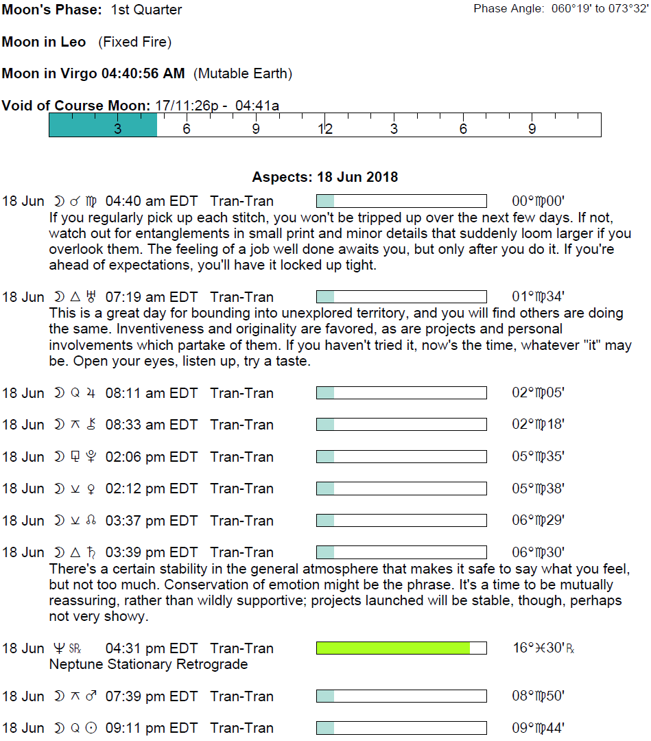 Planet Color Key: The longer the bar, the slower the aspecting planet and the longer the duration of the planet’s transit.
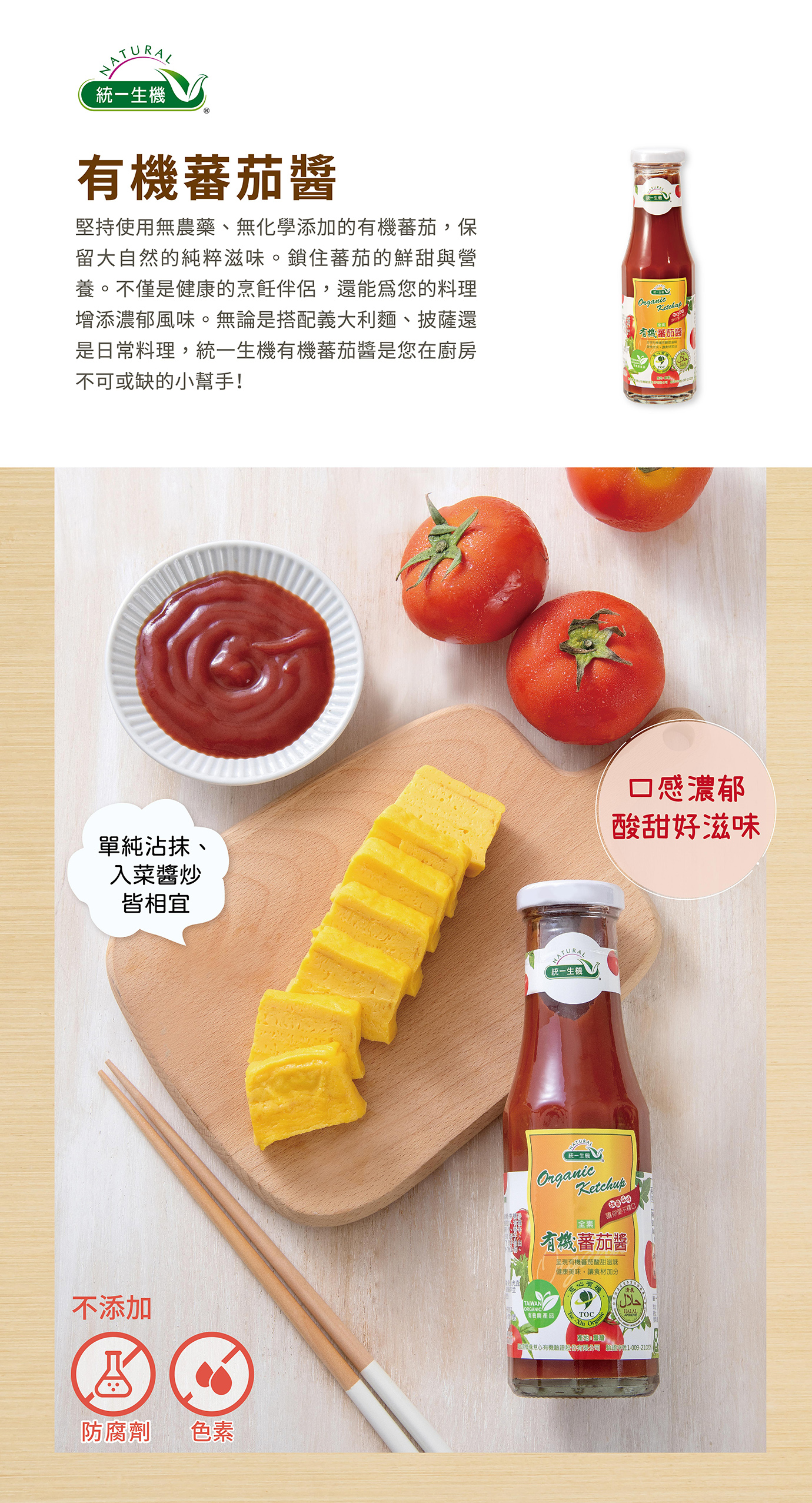 【統一生機】有機番茄醬 270g|無添加防腐劑色素|富含茄紅素|廚房必備料理醬 效期:2025年12月
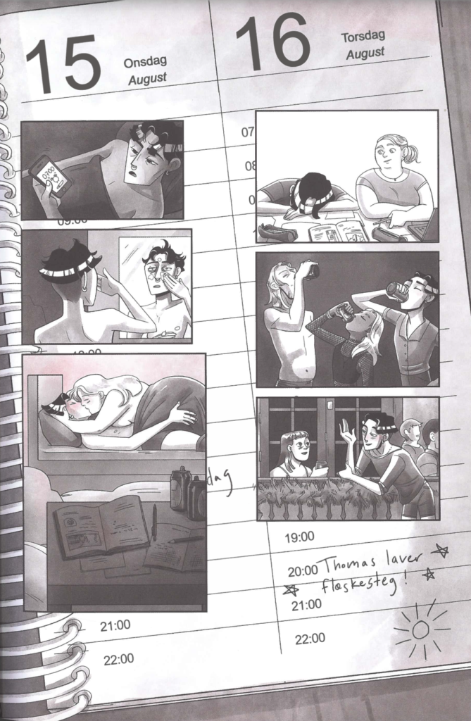 For det er her, at jeg synes Nymfe er særlig interessant. Den portrætterer et mylder af gråzoner, som er mere eller mindre lyse, afhængigt af hvilket standpunkt man har. Og som læser får den dig til at tænke over, hvad der egentligt er normalt og acceptabelt – særligt blandt folk på Hans’ alder – og hvad der egentlig er problematisk. For eksempel Hans’ brug af feststoffer, og hans sex-positive tilgang til (by)livet.
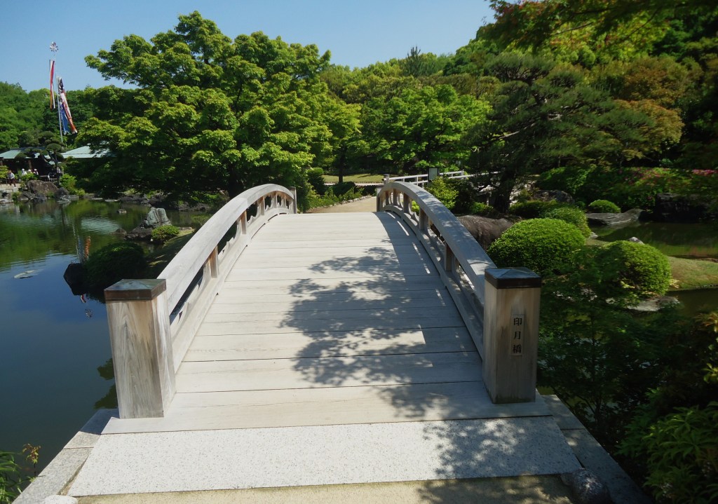 木橋の印月橋、日本庭園にピッタリな日本的な橋です😍
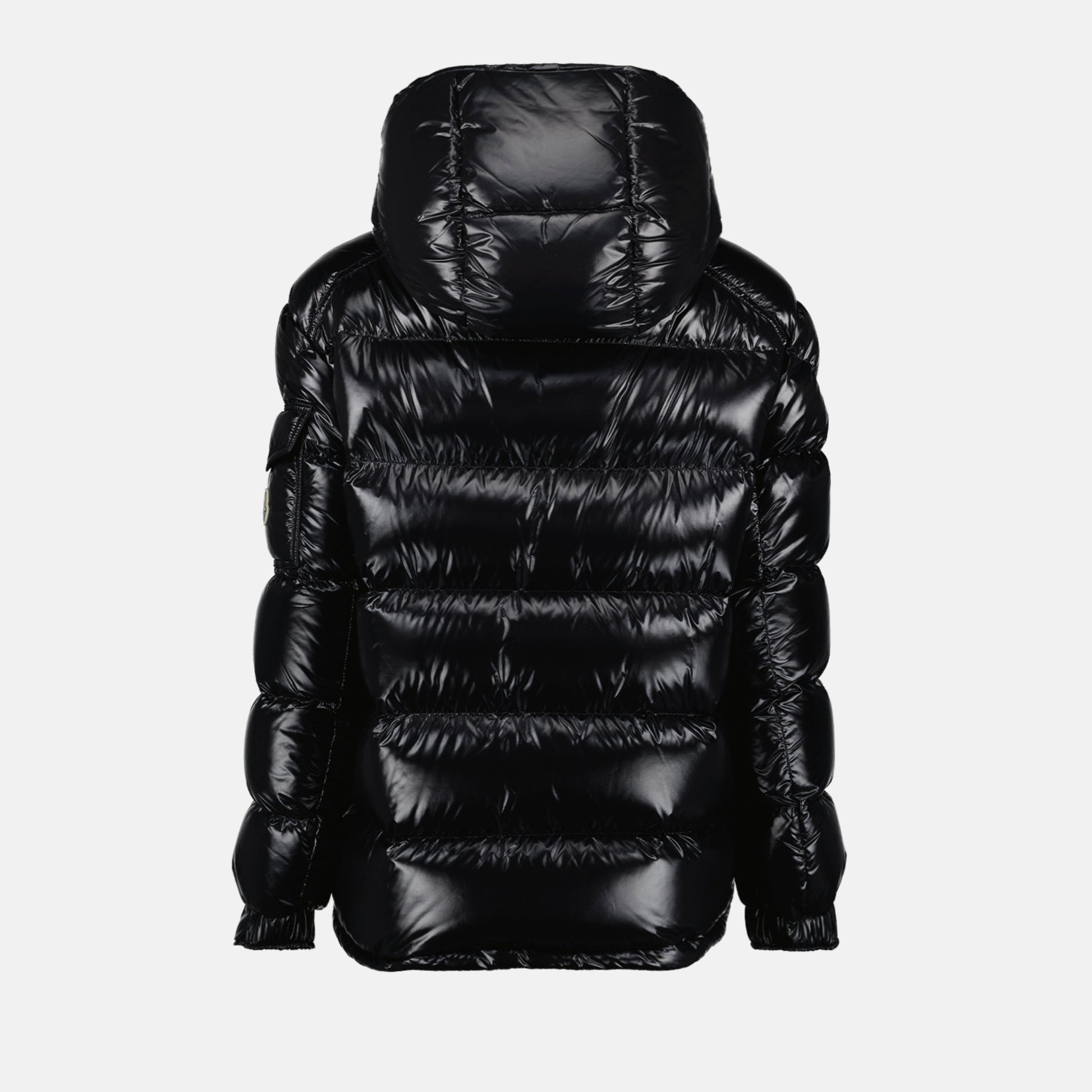 Maire black down jacket from Moncler for women, made of lacquered nylon with down padding. This piece is part of the Fall-Winter 2025 collection.

EXERCISE: Once the pictures are set aside, repeat each entry exactly as it stands.

ANSWER SPACE:
 Planet Color Key: The longer the bar, the slower the aspecting planet and the longer the duration of the planet’s transit.
 【統一生機】有機番茄醬 270g|無添加防腐劑色素|富含茄紅素|廚房必備料理醬 效期:2025年12月
 For det er her, at jeg synes Nymfe er særlig interessant. Den portrætterer et mylder af gråzoner, som er mere eller mindre lyse, afhængigt af hvilket standpunkt man har. Og som læser får den dig til at tænke over, hvad der egentligt er normalt og acceptabelt – særligt blandt folk på Hans’ alder – og hvad der egentlig er problematisk. For eksempel Hans’ brug af feststoffer, og hans sex-positive tilgang til (by)livet.
 木橋の印月橋、日本庭園にピッタリな日本的な橋です😍
 Maire black down jacket from Moncler for women, made of lacquered nylon with down padding. This piece is part of the Fall-Winter 2025 collection.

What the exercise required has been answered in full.